§ Requirement
Nothing but an exact copy is asked for: the lines in the material below from the one with "Information portal for" through the one with "After the introduction", pictures excluded.

§ Records shown

------------------------------------

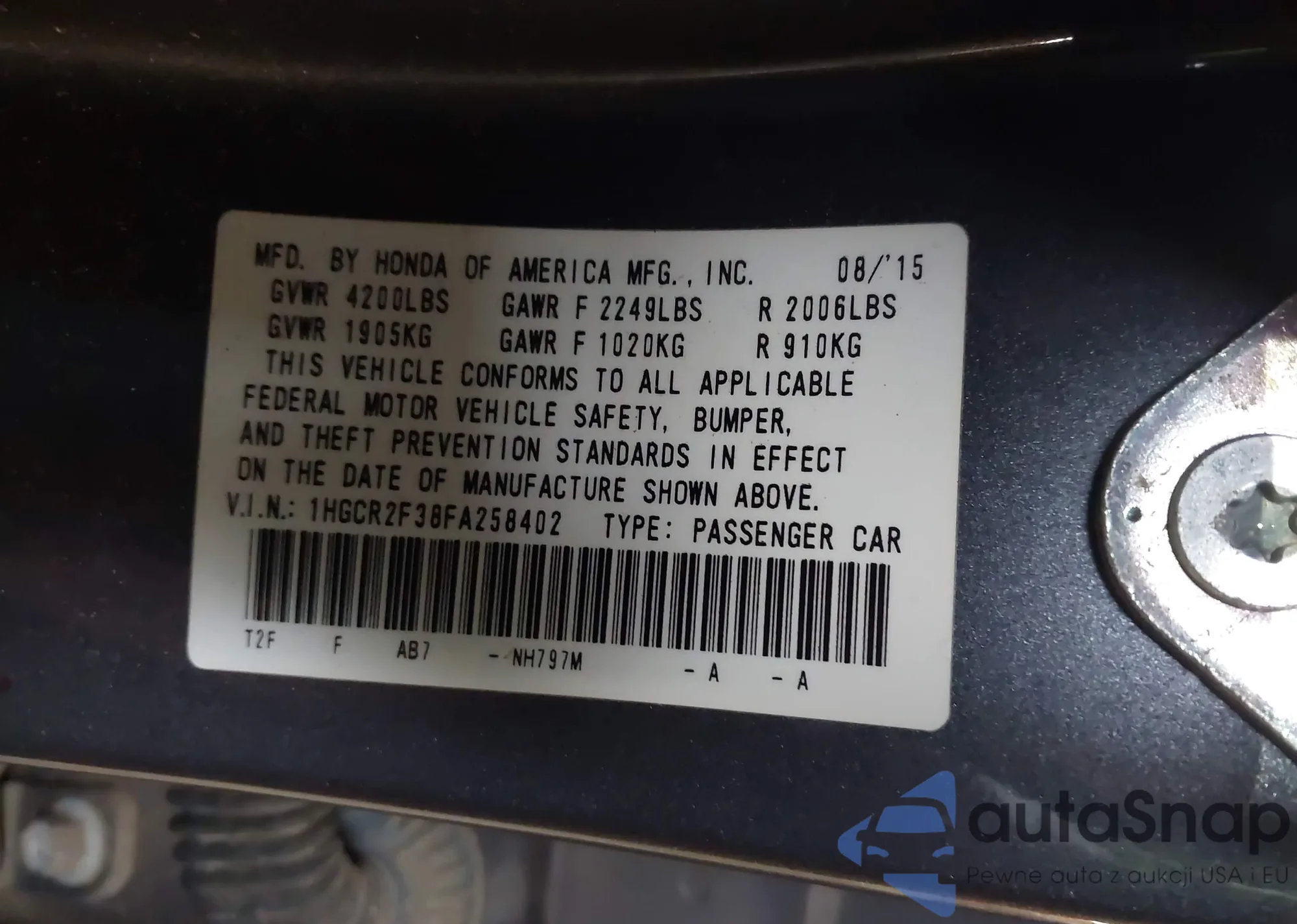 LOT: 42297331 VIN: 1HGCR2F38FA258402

------------------------------------

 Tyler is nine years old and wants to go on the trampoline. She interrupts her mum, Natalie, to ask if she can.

------------------------------------

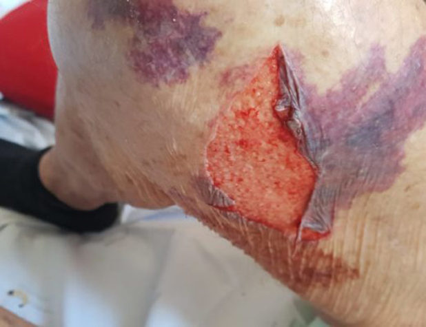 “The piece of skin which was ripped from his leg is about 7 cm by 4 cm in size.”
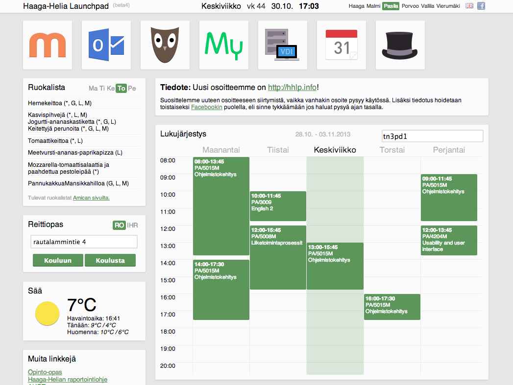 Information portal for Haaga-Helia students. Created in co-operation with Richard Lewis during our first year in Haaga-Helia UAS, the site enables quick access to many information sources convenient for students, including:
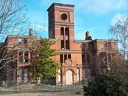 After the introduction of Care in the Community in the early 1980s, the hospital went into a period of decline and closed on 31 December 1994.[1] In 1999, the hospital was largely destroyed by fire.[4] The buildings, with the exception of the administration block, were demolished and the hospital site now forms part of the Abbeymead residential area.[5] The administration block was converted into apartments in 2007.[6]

------------------------------------

§ Exercise response
 Information portal for Haaga-Helia students. Created in co-operation with Richard Lewis during our first year in Haaga-Helia UAS, the site enables quick access to many information sources convenient for students, including:
 After the introduction of Care in the Community in the early 1980s, the hospital went into a period of decline and closed on 31 December 1994.[1] In 1999, the hospital was largely destroyed by fire.[4] The buildings, with the exception of the administration block, were demolished and the hospital site now forms part of the Abbeymead residential area.[5] The administration block was converted into apartments in 2007.[6]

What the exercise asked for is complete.